Part of the controversy stems from various shortcomings with mammograms, including ineffective computer software that can miss one-third of all breast cancers and false positives -- not to mention the anxiety involved with biopsies and other subsequent testing.
Numerous factors contribute to when and how often you get mammograms. If you or someone in your family has a history of breast cancer, for instance, you might have them more often.
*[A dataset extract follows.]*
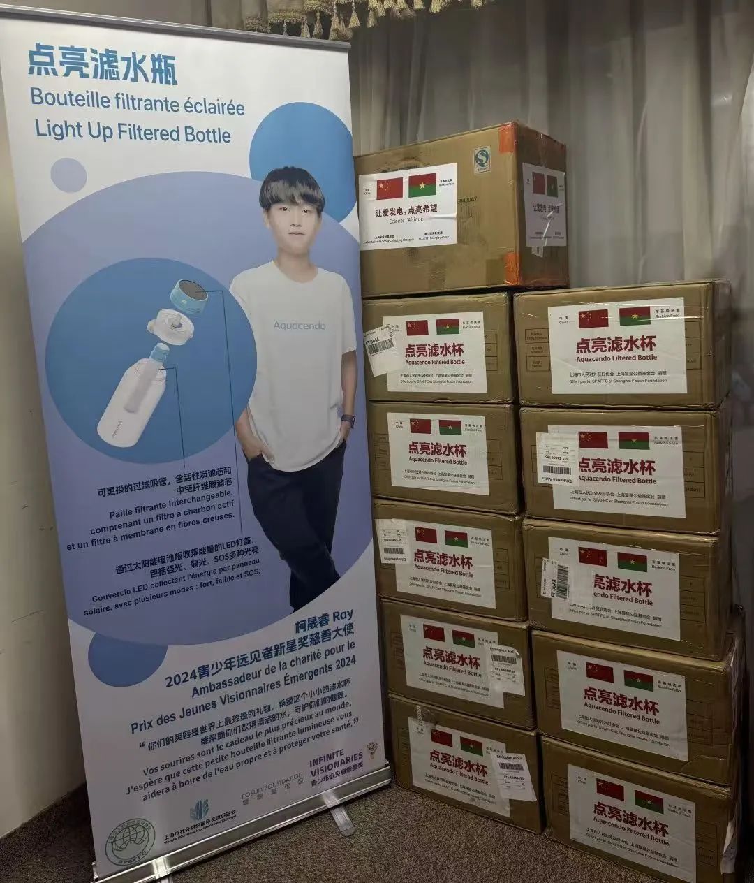 由2024青少年远见者新星奖“慈善大使”柯晟睿设计的“点亮滤水瓶”捐赠给非洲内陆国布基纳法索的儿童

Likewise, if you find a suspicious lump or you have swelling or discharge, yearly mammograms could be a smart investment.
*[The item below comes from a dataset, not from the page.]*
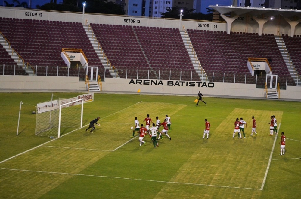 Pouco antes do fim do primeiro tempo, o Sergipe ainda teve a seu favor um tiro livre indireto dentro da área do Murici – após recuo da zaga para o goleiro. Mas Arruda cobrou em cima da barreira – formada por quase todo o time alagoano.

Studies yield mixed results about a mammogram's efficacy. A Swedish study in the journal PLoS One showed mammograms reduced breast-cancer mortality 16 percent in women ages 40 to 69. On the other hand, a study in the Journal of the National Cancer Institute, which looked at 1.6 million mammograms over eight years, concluded the technology's drawbacks (such as the aforementioned false positives) could outweigh benefits.
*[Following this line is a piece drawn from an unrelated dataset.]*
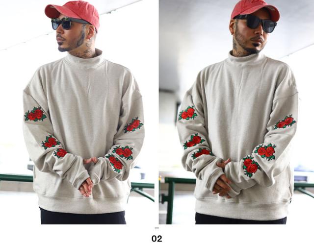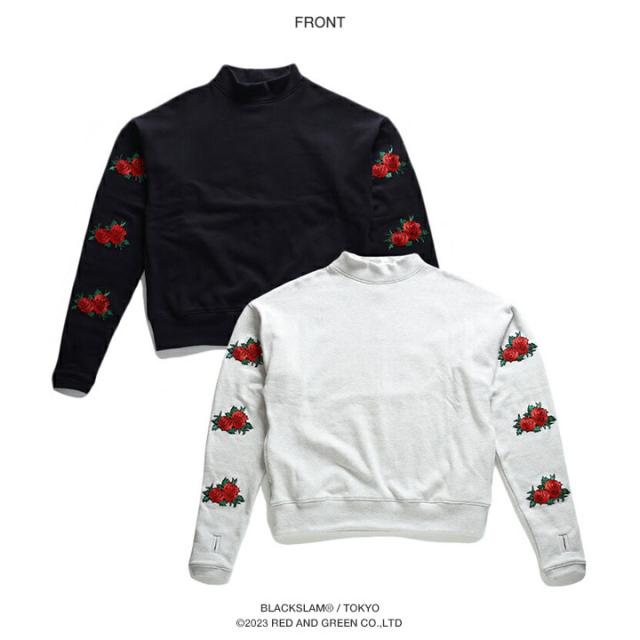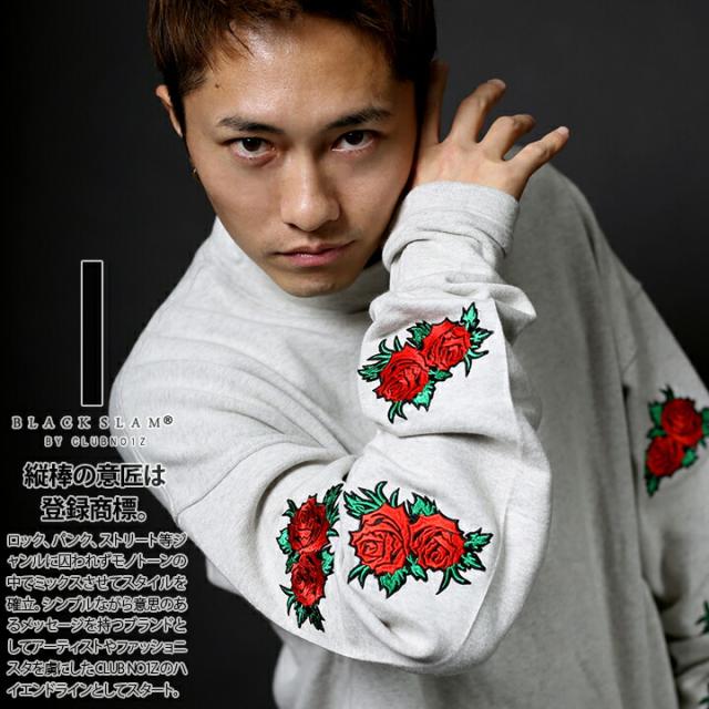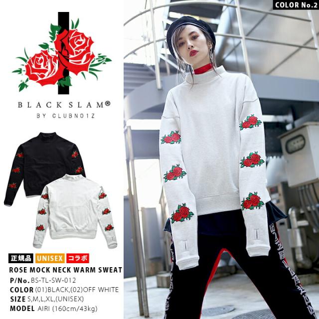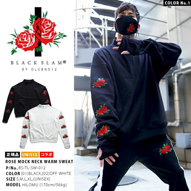 BLACK SLAM ストリート系 トレーナー 長袖 裏起毛 メンズ レディース 黒 白 大きいサイズ クラブノイズ スウェット モックネック 袖ロゴ 花柄 b系 ヒップホップ ファッション ダンス ハイ ブランド 服 BS-TL-SW-012

Radiation exposure proves another drawback. A study in the International Journal of Radiation Biology, for example, assessed radiation-induced DNA damage in epithelial breast cells. Researchers found radiation created more damage to these cells in high-risk women (women with a breast-cancer familial history), and dose repetition only increased this effect.
Breast cancer screening is a $2.1 billion-dollar-a-year business centered on mammography, MRI, ultrasound and other profitable technology. In other words, your health might not be the only concern at institutes that strongly encourage regular mammograms.
Also remember that mammograms diagnose but don't prevent, breast cancer. You can't change your genes, but you can change your lifestyle and eating habits.
Exercise: A study in the Journal of the National Cancer Institute, for instance, showed women who exercised four or more hours each week had a lower incidence of breast cancer than inactive women.
Lose weight: An ideal weight and blood sugar levels also reduce your risk. Toss the sugar, which feeds cancer cells.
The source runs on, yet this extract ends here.